Source material:
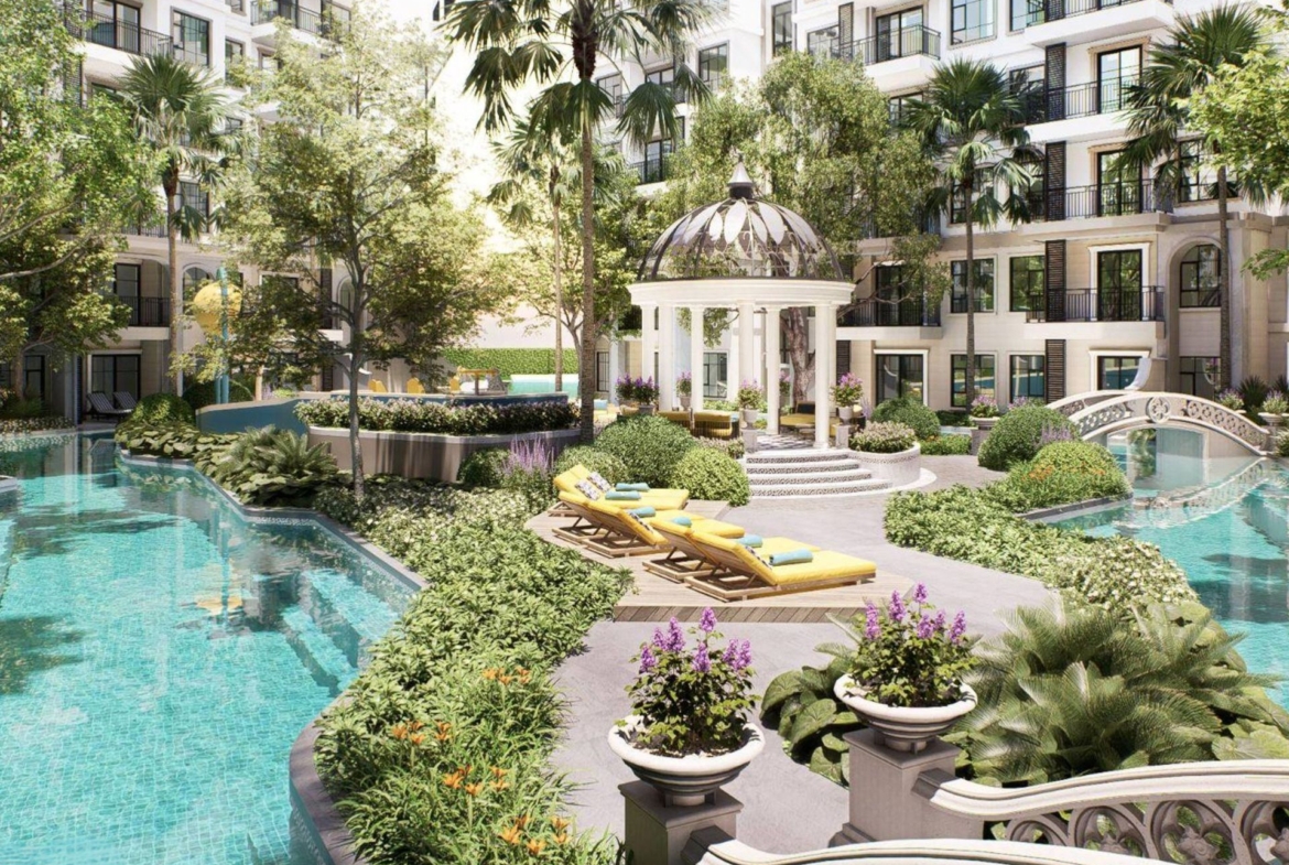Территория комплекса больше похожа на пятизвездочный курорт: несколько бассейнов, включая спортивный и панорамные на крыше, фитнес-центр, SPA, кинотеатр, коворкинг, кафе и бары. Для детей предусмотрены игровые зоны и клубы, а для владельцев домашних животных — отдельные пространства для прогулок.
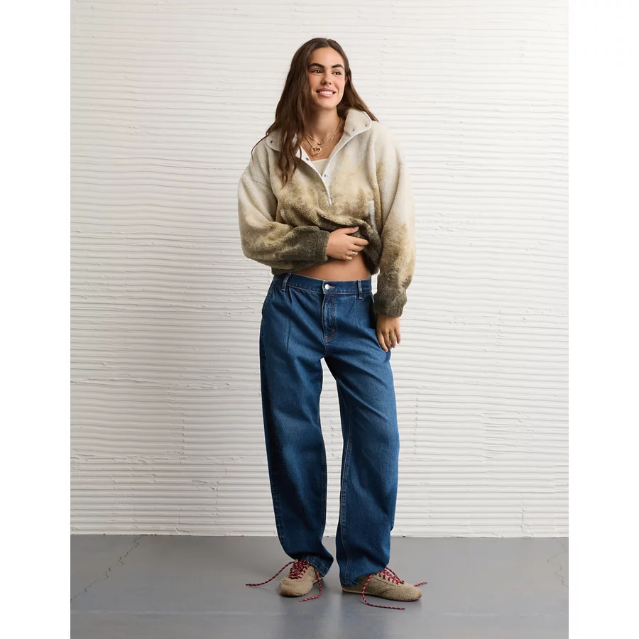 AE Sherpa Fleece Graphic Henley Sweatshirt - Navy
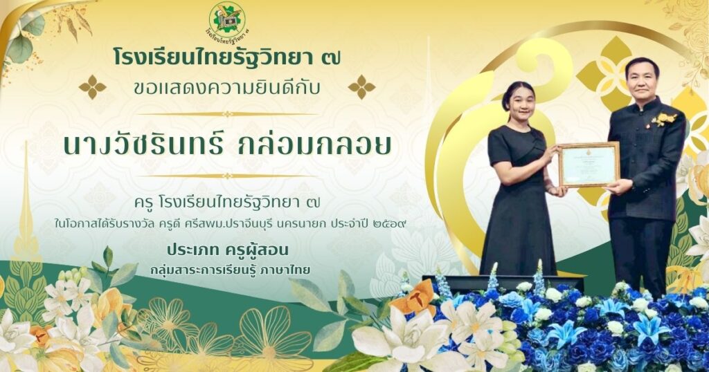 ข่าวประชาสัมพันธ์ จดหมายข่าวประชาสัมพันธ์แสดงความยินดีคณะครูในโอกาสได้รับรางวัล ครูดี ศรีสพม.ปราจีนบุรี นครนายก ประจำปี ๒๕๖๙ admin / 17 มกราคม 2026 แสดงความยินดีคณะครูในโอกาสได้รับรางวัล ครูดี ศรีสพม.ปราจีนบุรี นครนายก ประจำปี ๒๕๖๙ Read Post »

What to work on:
From the material above, output every line exactly as written, dropping any picture.

Your response:
Территория комплекса больше похожа на пятизвездочный курорт: несколько бассейнов, включая спортивный и панорамные на крыше, фитнес-центр, SPA, кинотеатр, коворкинг, кафе и бары. Для детей предусмотрены игровые зоны и клубы, а для владельцев домашних животных — отдельные пространства для прогулок.
 AE Sherpa Fleece Graphic Henley Sweatshirt - Navy
 ข่าวประชาสัมพันธ์ จดหมายข่าวประชาสัมพันธ์แสดงความยินดีคณะครูในโอกาสได้รับรางวัล ครูดี ศรีสพม.ปราจีนบุรี นครนายก ประจำปี ๒๕๖๙ admin / 17 มกราคม 2026 แสดงความยินดีคณะครูในโอกาสได้รับรางวัล ครูดี ศรีสพม.ปราจีนบุรี นครนายก ประจำปี ๒๕๖๙ Read Post »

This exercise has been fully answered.